Dentro del paradigma dominante es complicado aceptar que la voladura del comedor fue un acto terrorista porque supondría admitir que los buenos también hacían cosas malas. Lo mejor es dejar el tema fuera del radar de los libros periodísticos. Como decía Kuhn, “un paradigma es un criterio para seleccionar problemas”.
También es difícil para los periodistas e historiadores alineados con el relato oficial sobre los 70 justificar y mucho más elogiar a los militantes que diseñaron y ejecutaron el ataque a la Policía Federal.
El autor material fue el agente José María Salgado, Pepe, un joven de clase media alta de Olivos, en el norte del Gran Buenos Aires; hijo de un abogado y sobrino de un general; excelente estudiante de Ingeniería Electrónica. Un “traidor” para los policías; un “héroe” para los montoneros.
Pepe Salgado nos muestra por qué un joven que lo tenía todo se vuelca primero al peronismo y luego a la lucha armada, y a los veintiún años decide matar a sangre fría a personas indefensas, a muchas de las cuales se las habrá cruzado en el comedor o en algún pasillo del Departamento Central de Policía, donde trabajaba.
La onda expansiva de la violencia que desató terminó alcanzándolo también a él, primero en su cautiverio en las mazmorras de la ESMA y luego bajo la forma de una muerte horrible, fraguada por el gobierno militar como un tiroteo con la policía que nunca existió.
Pepe Salgado era uno de los recursos más preciosos del servicio de Inteligencia e Informaciones, subordinado directamente a Rodolfo Walsh, un periodista y escritor de prestigio, muy conocido por el gran público, tanto que muchas modelos y celebrities de la época presumían que era su autor favorito en los almuerzos de Mirtha Legrand.

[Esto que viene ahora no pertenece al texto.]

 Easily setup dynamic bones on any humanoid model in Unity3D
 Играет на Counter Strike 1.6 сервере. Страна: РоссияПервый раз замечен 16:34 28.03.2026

Hoy, es una figura de culto para tantos intelectuales y políticos.
A esta altura no llamará la atención que los años montoneros de Walsh hayan sido eludidos en forma sistemática en casi todos los numerosísimos ensayos y biografías que se le han ofrendado. Y cuando algún autor menciona su paso por Inteligencia, rápidamente aclara que no era el jefe ni nada por el estilo y que ese sector no era -de ningún modo- “la SIDE de los montoneros”.
Sin embargo, Walsh, era el hombre clave de Inteligencia e Informaciones, cuyo rol fue asistir desde las sombras y el secreto -como cualquier aparato de su tipo- a la cúpula de la guerrilla de origen peronista en varias de sus operaciones de mayor relieve, como la masacre en el comedor policial; el atentado mortal contra otro jefe de la Policía Federal, el comisario general Alberto Villar, en 1974, y el secuestro y el cautiverio de los empresarios Jorge y Juan Born, en 1974/75.

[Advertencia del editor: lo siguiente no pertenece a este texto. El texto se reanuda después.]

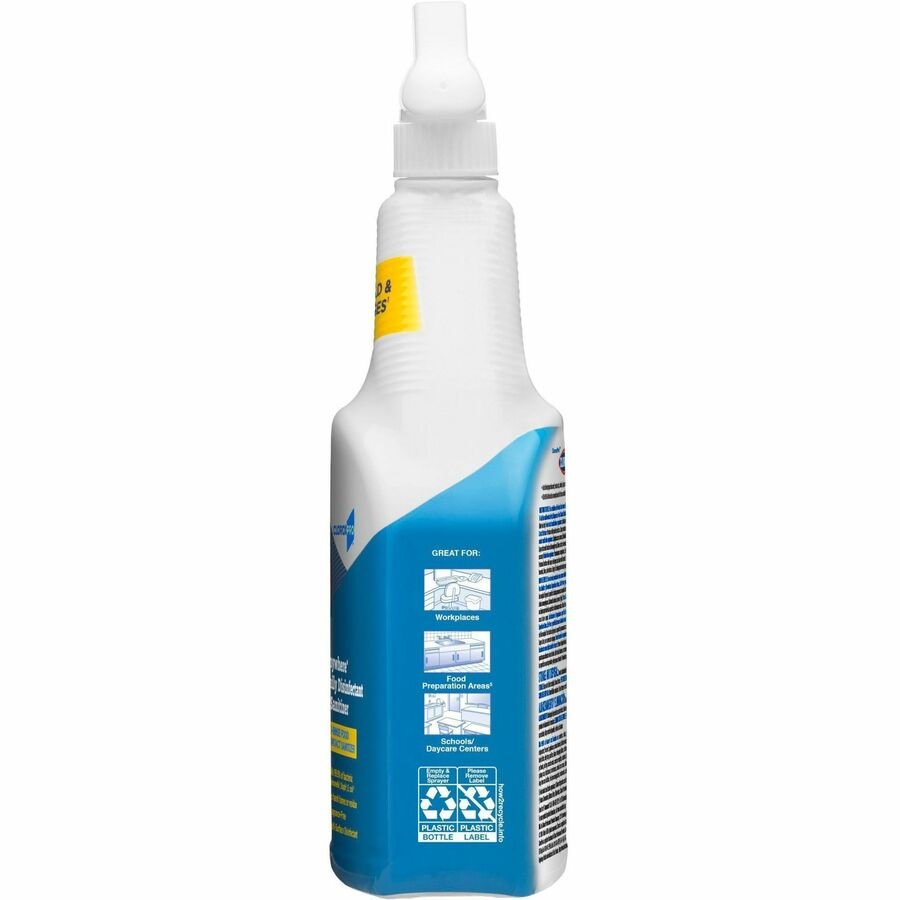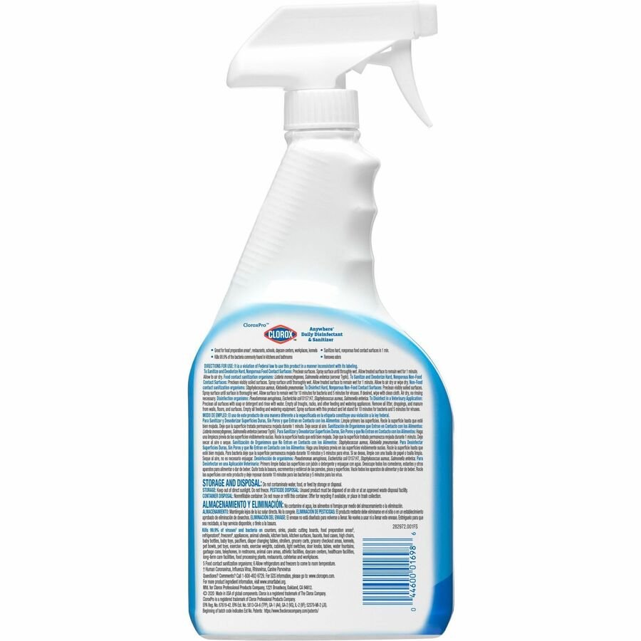Marketing Information:CloroxPro Anywhere Hard Surface Sanitizing Cleaner is designed to provide full-coverage, one-step sanitization on hard surfaces. Certified by NSF, this sanitizing cleaner kills cold and flu viruses (Human Coronavirus, Influenza Virus, Rhinovirus, Canine Parvovirus) and 99.9 percent of bacteria (Salmonella enterica, Staphylococcus aureus, E. coli) – including Coronavirus and Influenza. As a hypochlorous acid-based formula, the cleaner is tough on bacteria yet mild enough to use around children, pets and food thanks to its low odor and no residue. This sanitizing spray comes in a trigger-spray bottle and is well-suited for commercial spaces such as airports, ambulances, public restrooms, daycare centers, hotels, kennels, institutional kitchens, laundry rooms, offices and schools. Versatile, pH-balanced formula can be used on most surfaces anytime, anywhere.

Era una de las áreas que mejor funcionaba en Montoneros, como admitían sus propios enemigos, siempre en relación directa con Horacio Mendizábal -Hernán era su nombre de guerra-, secretario Militar y nexo con el resto de la Conducción Nacional del grupo guerrillero, encabezada por Pepe Firmenich y Roberto Perdía, Carlos o Pelado.
Walsh, cuyo nombre de guerra era Esteban, también le dejó a la guerrilla un legado muy valioso: no solo fue el primero que encontró la palabra justa para definir a las víctimas del plan de la dictadura: los desaparecidos, sino que se anticipó en la búsqueda de un número para simbolizar la represión ilegal: “15.000 desaparecidos”. Además, reveló a los guerrilleros y sus simpatizantes que “la guerra está perdida en el plano militar”, pero que podían volver a convertirse “en una alternativa de poder” si encaraban una nueva resistencia popular, esta vez arropados en “la bandera fundamental de los Derechos Humanos”. Un visionario, sin dudas.
Y no fueron meras palabras; lo hizo por escrito, en los meses previos a que fuera acribillado por el Grupo de Tareas 3.3.2 de la Marina, cuarenta y cinco años atrás, el 25 de marzo de 1977, en una cacería a la que fueron llevados algunos detenidos en la ESMA, entre ellos Pepe Salgado, por quien sentía un afecto paternal.
© LA GACETA
Ceferino Reato - Periodista y escritor.